Extracted data entries

────────

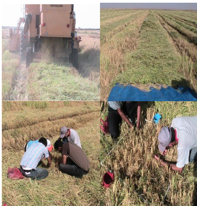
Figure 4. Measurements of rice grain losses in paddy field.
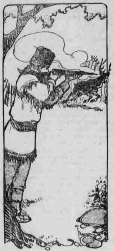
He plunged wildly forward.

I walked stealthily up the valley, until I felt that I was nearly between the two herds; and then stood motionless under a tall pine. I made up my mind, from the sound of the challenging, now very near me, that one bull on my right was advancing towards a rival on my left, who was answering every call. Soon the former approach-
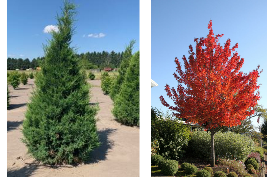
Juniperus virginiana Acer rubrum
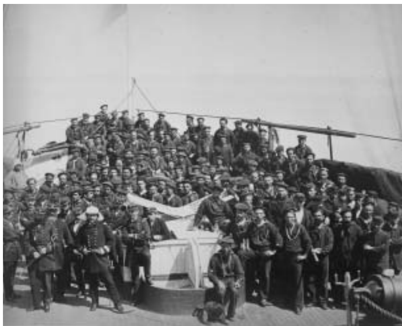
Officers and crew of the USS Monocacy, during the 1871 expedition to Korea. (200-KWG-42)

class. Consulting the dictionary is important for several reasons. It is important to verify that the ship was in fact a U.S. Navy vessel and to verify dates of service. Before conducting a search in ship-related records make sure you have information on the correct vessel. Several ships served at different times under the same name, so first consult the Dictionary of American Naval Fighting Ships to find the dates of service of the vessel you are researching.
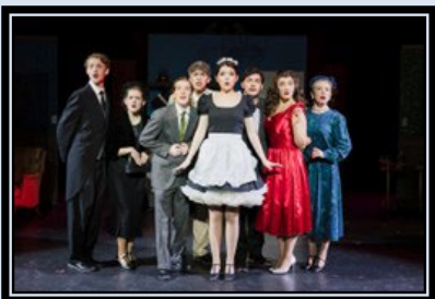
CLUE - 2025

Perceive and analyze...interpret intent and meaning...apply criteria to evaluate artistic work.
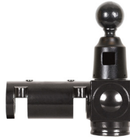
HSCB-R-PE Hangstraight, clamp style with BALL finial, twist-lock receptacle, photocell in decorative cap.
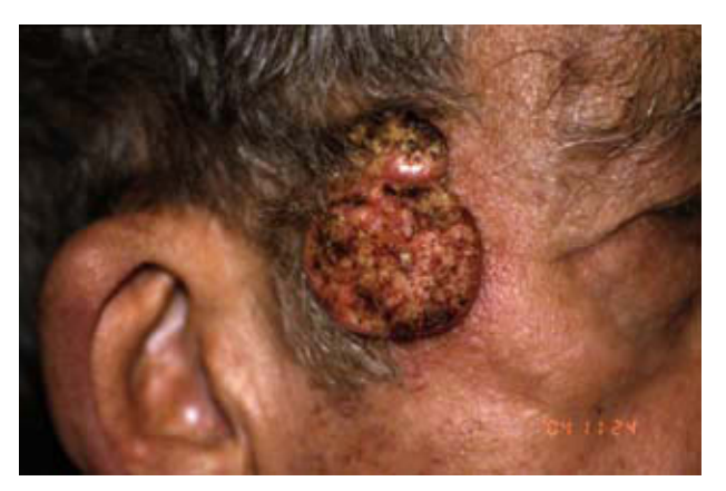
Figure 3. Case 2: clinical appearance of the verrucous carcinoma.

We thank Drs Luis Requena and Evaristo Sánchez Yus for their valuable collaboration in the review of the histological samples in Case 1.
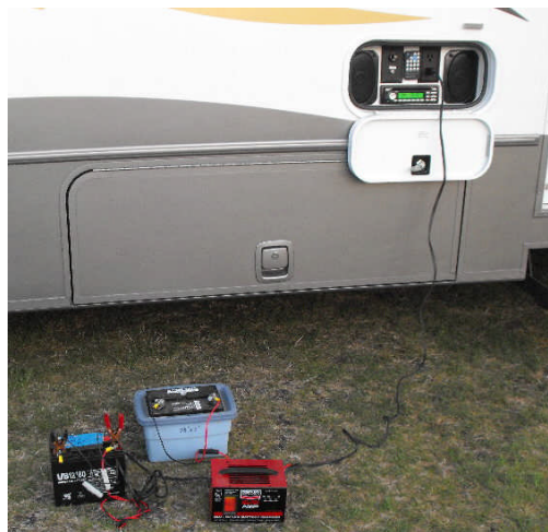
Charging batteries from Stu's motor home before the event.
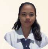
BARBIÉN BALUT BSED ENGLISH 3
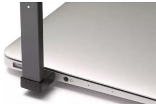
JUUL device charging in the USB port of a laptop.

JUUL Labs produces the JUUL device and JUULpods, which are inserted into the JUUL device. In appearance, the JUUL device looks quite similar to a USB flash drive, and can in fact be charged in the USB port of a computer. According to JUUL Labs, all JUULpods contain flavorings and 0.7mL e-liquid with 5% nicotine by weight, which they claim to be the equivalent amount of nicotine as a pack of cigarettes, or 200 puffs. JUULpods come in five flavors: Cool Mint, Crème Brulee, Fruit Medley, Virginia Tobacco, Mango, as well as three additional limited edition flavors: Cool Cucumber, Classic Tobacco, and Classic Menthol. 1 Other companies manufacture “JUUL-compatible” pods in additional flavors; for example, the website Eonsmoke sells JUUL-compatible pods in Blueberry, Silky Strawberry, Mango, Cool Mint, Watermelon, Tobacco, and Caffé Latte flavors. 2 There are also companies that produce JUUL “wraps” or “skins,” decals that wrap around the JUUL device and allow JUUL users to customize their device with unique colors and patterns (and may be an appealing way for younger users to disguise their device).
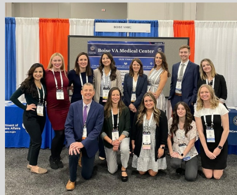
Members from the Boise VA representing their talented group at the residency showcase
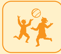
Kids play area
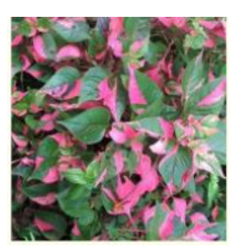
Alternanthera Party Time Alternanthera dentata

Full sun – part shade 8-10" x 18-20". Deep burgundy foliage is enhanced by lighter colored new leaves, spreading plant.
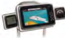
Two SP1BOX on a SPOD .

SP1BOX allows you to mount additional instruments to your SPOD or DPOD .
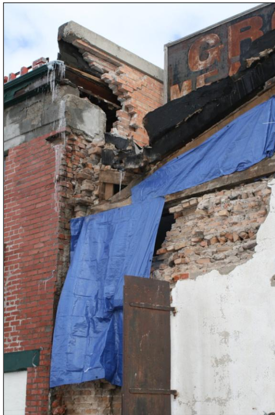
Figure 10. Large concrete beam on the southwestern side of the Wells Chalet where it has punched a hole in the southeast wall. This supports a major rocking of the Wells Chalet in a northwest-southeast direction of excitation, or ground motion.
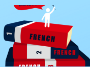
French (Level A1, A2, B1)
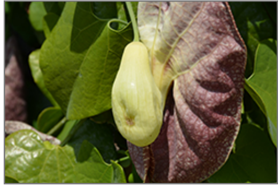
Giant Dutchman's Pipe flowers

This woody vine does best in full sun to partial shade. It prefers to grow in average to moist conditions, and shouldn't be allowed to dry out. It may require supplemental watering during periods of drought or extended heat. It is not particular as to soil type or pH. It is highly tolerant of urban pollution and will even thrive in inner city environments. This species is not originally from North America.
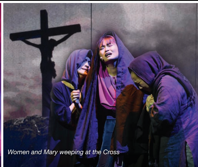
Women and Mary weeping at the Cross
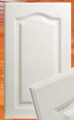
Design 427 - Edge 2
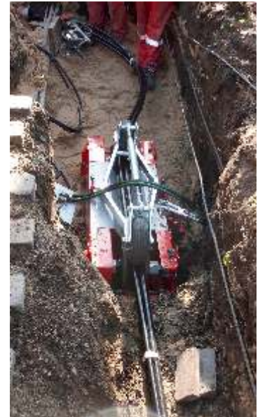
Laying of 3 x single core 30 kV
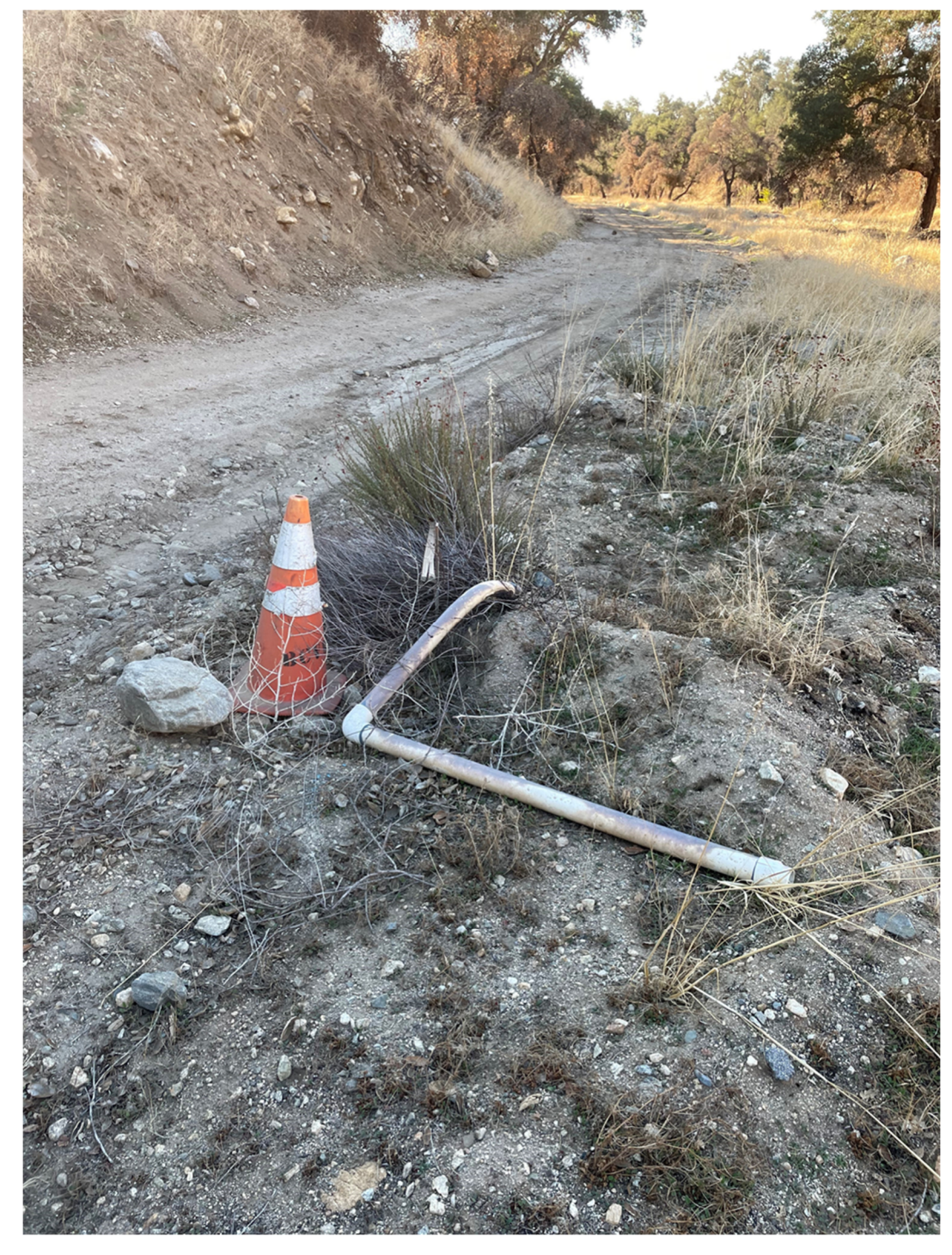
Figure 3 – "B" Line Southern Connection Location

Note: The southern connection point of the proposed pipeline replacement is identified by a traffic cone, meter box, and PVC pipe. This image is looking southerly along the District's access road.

────────

* **TASK REQUIREMENTS**
Only the lines above from the one with "He plunged wildly forward." to the one with "Perceive and analyze...interpret" should be printed, both included and exactly as written; no picture belongs in the copy.

* **RESPONSE TO THIS TASK**
He plunged wildly forward.

I walked stealthily up the valley, until I felt that I was nearly between the two herds; and then stood motionless under a tall pine. I made up my mind, from the sound of the challenging, now very near me, that one bull on my right was advancing towards a rival on my left, who was answering every call. Soon the former approach-
Juniperus virginiana Acer rubrum
Officers and crew of the USS Monocacy, during the 1871 expedition to Korea. (200-KWG-42)

class. Consulting the dictionary is important for several reasons. It is important to verify that the ship was in fact a U.S. Navy vessel and to verify dates of service. Before conducting a search in ship-related records make sure you have information on the correct vessel. Several ships served at different times under the same name, so first consult the Dictionary of American Naval Fighting Ships to find the dates of service of the vessel you are researching.
CLUE - 2025

Perceive and analyze...interpret intent and meaning...apply criteria to evaluate artistic work.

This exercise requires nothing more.